The output must contain exactly the lines from the top of the listing below through the line containing "Em sua homilia, Frei", and no pictures.

=== Source material ===

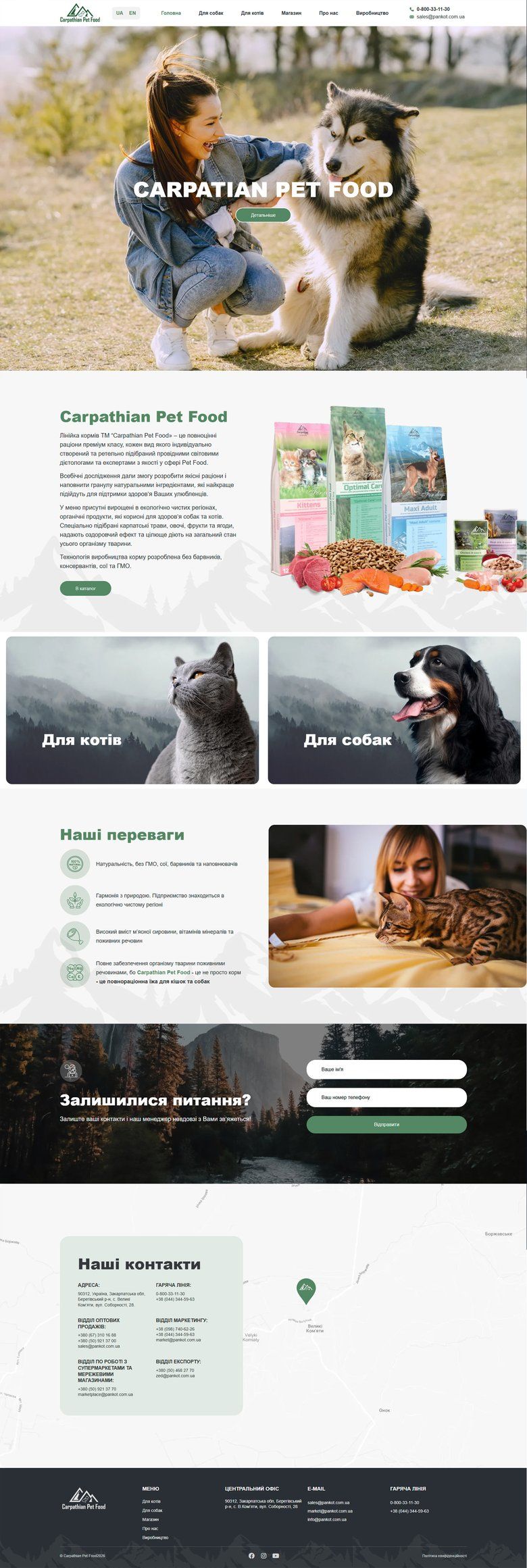 Carpathian Pet Food — каталог кормів для тварин
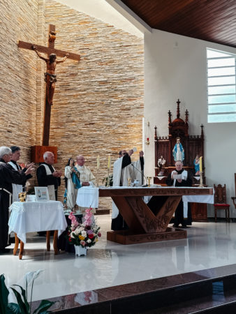 Em sua homilia, Frei Paulo enfatizou o relacionamento fraterno e familiar que o povo de Teresópolis estabeleceu com a Província. “A comunidade acolheu com carinho os frades alemães que chegaram em 1891 para restaurar a Província. Naquela época, só havia um frade na Província por diversas circunstâncias históricas. Os frades restauradores vieram com um espírito missionário intenso. Teresópolis marca para nós, frades, um tempo bonito da graça de Deus. Somos gratos pela valiosa participação dessa comunidade na história da nossa Província”.
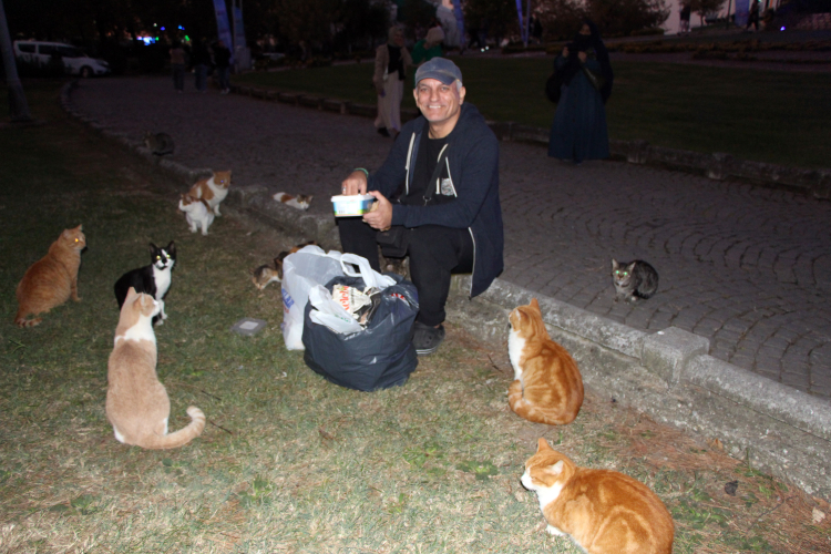 Çınarcık ilçesinde yaşayan Cem Güvener, aylardır hafta üç gün boyunca Yalova’ya gelerek Barış Manço Açıkhava Tiyatrosu önündeki parktaki sokak kedilerini besliyor. Hayvanseverliğiyle tanınan Güvener, kedilerin kendisini tanıyıp yanına koşmalarından büyük mutluluk duyduğunu ifade etti. Güvener, “Hayvanlar her geçen gün yiyecek ve su bulmakta daha zorlanıyorlar. Buradaki kediler de yiyecek bulamıyorlar. Bunu fark edince onları beslemek istedim. Bu, zamanla bir rutine dönüştü ve aylardır haftanın üç günü Çınarcık’tan kalkıp Yalova’ya gelerek kedileri doyuruyorum,” dedi.

===

▸ **Written response**
 Carpathian Pet Food — каталог кормів для тварин
 Em sua homilia, Frei Paulo enfatizou o relacionamento fraterno e familiar que o povo de Teresópolis estabeleceu com a Província. “A comunidade acolheu com carinho os frades alemães que chegaram em 1891 para restaurar a Província. Naquela época, só havia um frade na Província por diversas circunstâncias históricas. Os frades restauradores vieram com um espírito missionário intenso. Teresópolis marca para nós, frades, um tempo bonito da graça de Deus. Somos gratos pela valiosa participação dessa comunidade na história da nossa Província”.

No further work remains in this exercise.